这要从协程为什么火起来说起。线程池很好，但线程是由操作系统调度的，并且线程切换代价太大，往往需要耗费数千个CPU周期。

在同步阻塞的编程模式下，

当并发量很大、IO密集时，往往一个任务刚进入线程池就阻塞在IO，就可能(因为线程切换是不可控的)需要切换线程，这时线程切换的代价就不可以忽视了。

后来人们发现异步非阻塞的模型能解决这个问题，当被IO阻塞时，直接调用非阻塞接口，注册一个回调函数，当前线程继续进行，也就不用切换线程了。但理想很丰满，现实很骨感，异步的回调各种嵌套让程序员的人生更加悲惨。

于是协程应运重生。

协程就是由程序员控制跑在线程里的“微线程”。它可以由程序员调度，切换协程时代价小(切换根据实现不同，消耗的CPU周期从几十到几百不等)，创建时耗费资源小。十分适用IO密集的场景。

Boost::Coroutine2

boost的Coroutine2不同于Goroutine，golang的协程调度是由Go语言完成，而boost::coroutine2的协程需要自己去调度。

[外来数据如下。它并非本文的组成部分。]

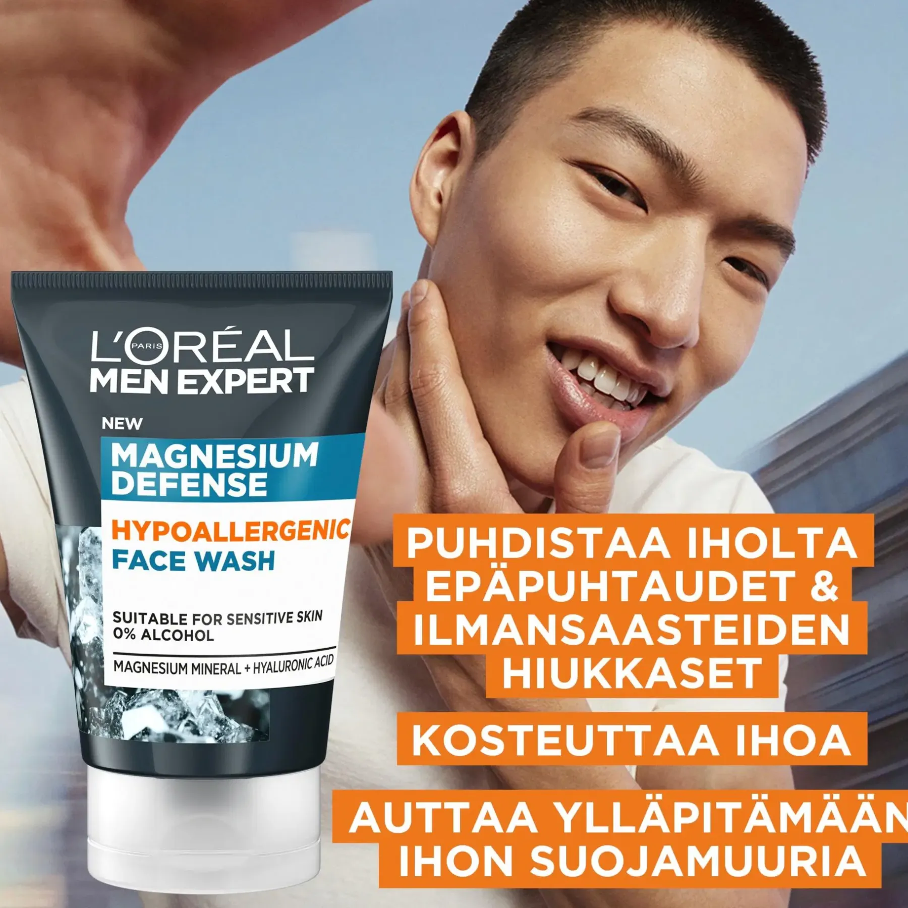 Magnesium Defense hypoallergeeninen puhdistusgeeli miesten herkälle iholle. Koostumus sisältää magnesiumineraalia, joka tunnetaan ihoa suojaavista ominaisuuksistaan ja hyaluronihappoa antamaan iholle kosteutusta.
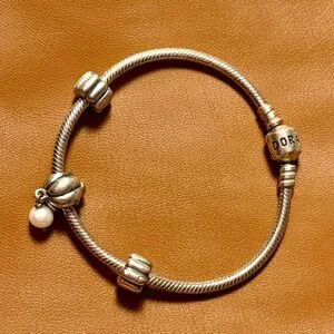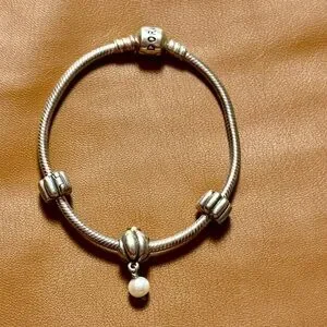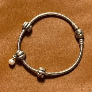 This vintage silver bracelet from Pandora features a delicate pearl charm, perfect for adding a touch of sophistication to any outfit.

#include <boost\coroutine2\all.hpp>

#include <cstdlib>

#include <iostream>

using namespace boost;

using namespace std;

class X {

public:

	X() {

		cout << "X()\n";

	}

	~X() {

		cout << "~X()\n";

		system("pause");

	}

};

void foo(boost::coroutines2::coroutine<void>::pull_type& pull) {

	X x;

	cout << "a\n";

	pull();

	cout << "b\n";

	pull();

	cout << "c\n";

}

int main() {

	coroutines2::coroutine<void>::push_type push(foo);

	cout << "1\n";

	push();

	cout << "2\n";

	push();

	cout << "3\n";

	push();

	return 0;

}

调用push_type和pull_type的operator()就会让出当前执行流程给对应的协程。push_type可以给pull_type传递参数，而pull_type通过调用get来获取。

你也可以写成这样

boost::coroutines2::coroutine<void>::pull_type pull([](coroutine<void>::push_type &push){...})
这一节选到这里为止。